The Friends of Peace: The Origins of Debate on Pacifism in Early 19th Century New England
By Philip Crossman
Noah Worcester and Sylvanus Haynes had a good deal in common. They were both self-educated ministers of the early 19th Century who eventually received honorary degrees from what are now Ivy League colleges. Both of them found ways to incorporate their spiritual interests with their political passions. And both liked to write, argue, and try to persuade. But there the similarities begin to recede into the background.
Noah was born in 1758. Sylvanus was born a decade later. In 1776 as the Revolutionary War was breaking out, Sylvanus would have been eight years old.

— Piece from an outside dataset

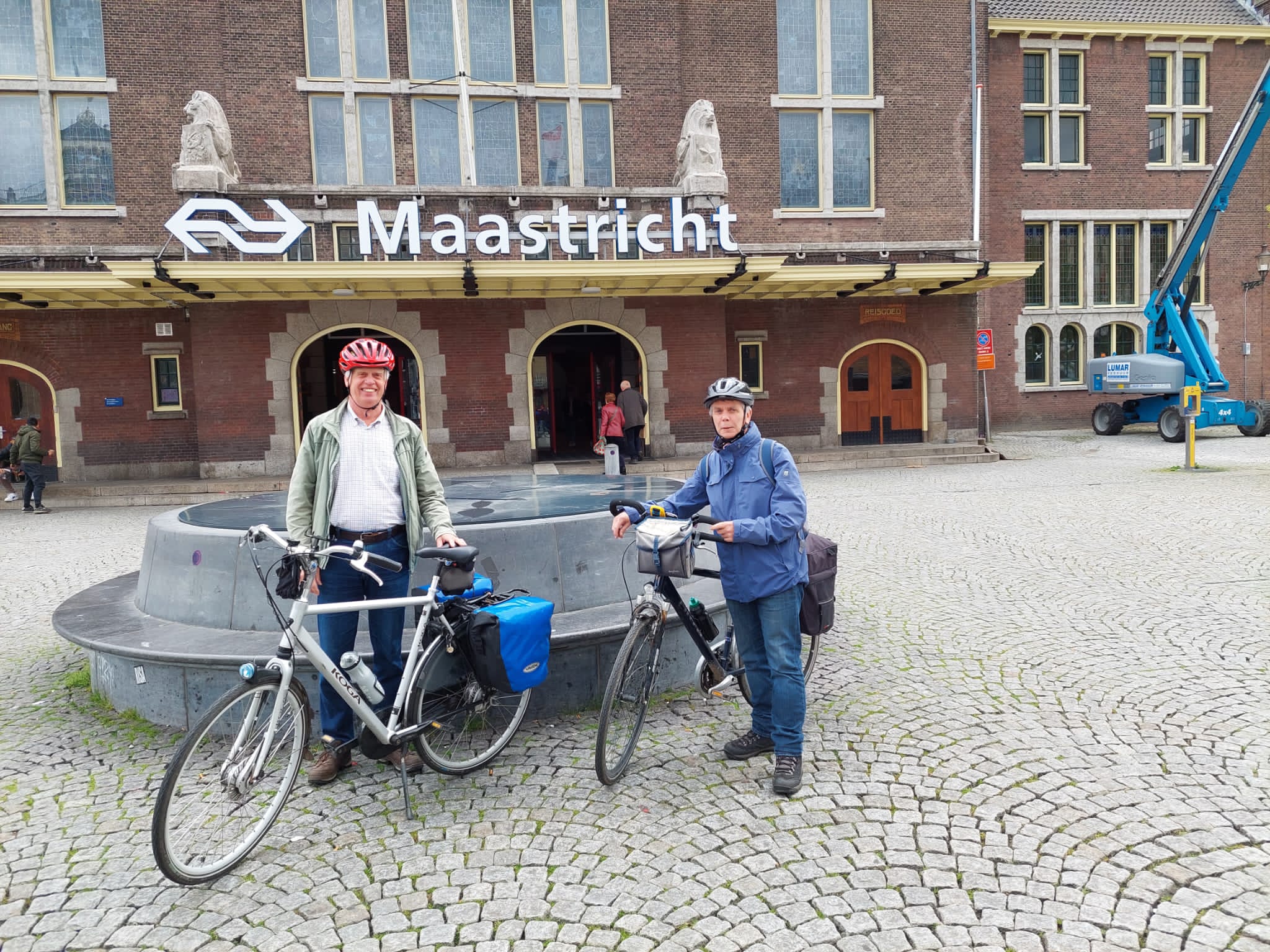 Na uitzwaai-zwaai door het thuisfront en het veilig stellen van een schaarse fietsplek in de trein arriveerden we mooi op tijd in Maastricht. Met een eerste stuk naar Luik dat volgens de gegeven info maar een kleine 25 km zou zijn, maar teminste 10 km langer bleek, begon het meteen al goed; gaat dat straks de hele route zo? Zo'n 40% langere trajecten? Het bleek uiteindelijk een begindingetje,. Toch 85 km op een ingekorte dag, een stevig begin.

Noah was a lanky teenager, already taller than most men who signed up to fight the British army and navy in and around Boston harbor. He was present at the battle of Bunker Hill and came close to being captured. Two years later, he found himself in the thick of the fighting outside Bennington, defending the American cause from Gentleman Johnny Burgoyne’s invasion down Lake Champlain. The carnage at Bennington was all that Noah needed to nudge him down the road towards a full blown passivist theology.
By 1791, as Sylvanus was just entering the ministry as a Baptist Pastor, Noah Worcester was receiving an honorary degree from Dartmouth (Sylvanus would receive his from Middlebury in 1817). By 1801, Sylvanus was leading revivals from the Baptist Church in Middletown, Vermont. Noah had converted to the Unitarian faith, no longer believing in the Trinity. Worcester would soon become one of the leaders of the move away from Congregational orthodoxy that led to the theological split between Harvard and Andover seminary in the first decade of the 19th Century. Sylvanus too would level his rhetorical ire at the Congregationalists but for him, the matter had to do with tax support for select churches and infant baptism. He would die a Trinitarian Baptist in 1828.
By 1807, Sylvanus was seen as the theological mouthpiece of the Jeffersonian Republicans in Vermont and was even recommended to James Madison as a political force to be reckoned with. Noah Worcester’s talents, on the other hand, were being put to good use by the Federalists who, by 1814, were vociferously opposed to the Madison Administration’s war against Great Britain. In December of 1814, at the height of the war, Noah Worcester published a pamphlet entitled A Solemn Review of the Custom of War. It was a frontal assault on the whole idea of war as a mechanism for resolving human conflicts. The work was widely read in America and Europe (just recovering from the Napoleonic Wars) and was translated into many languages. The following year, Worcester began editing a periodical known as The Friend of Peace in which he continued to further the argument.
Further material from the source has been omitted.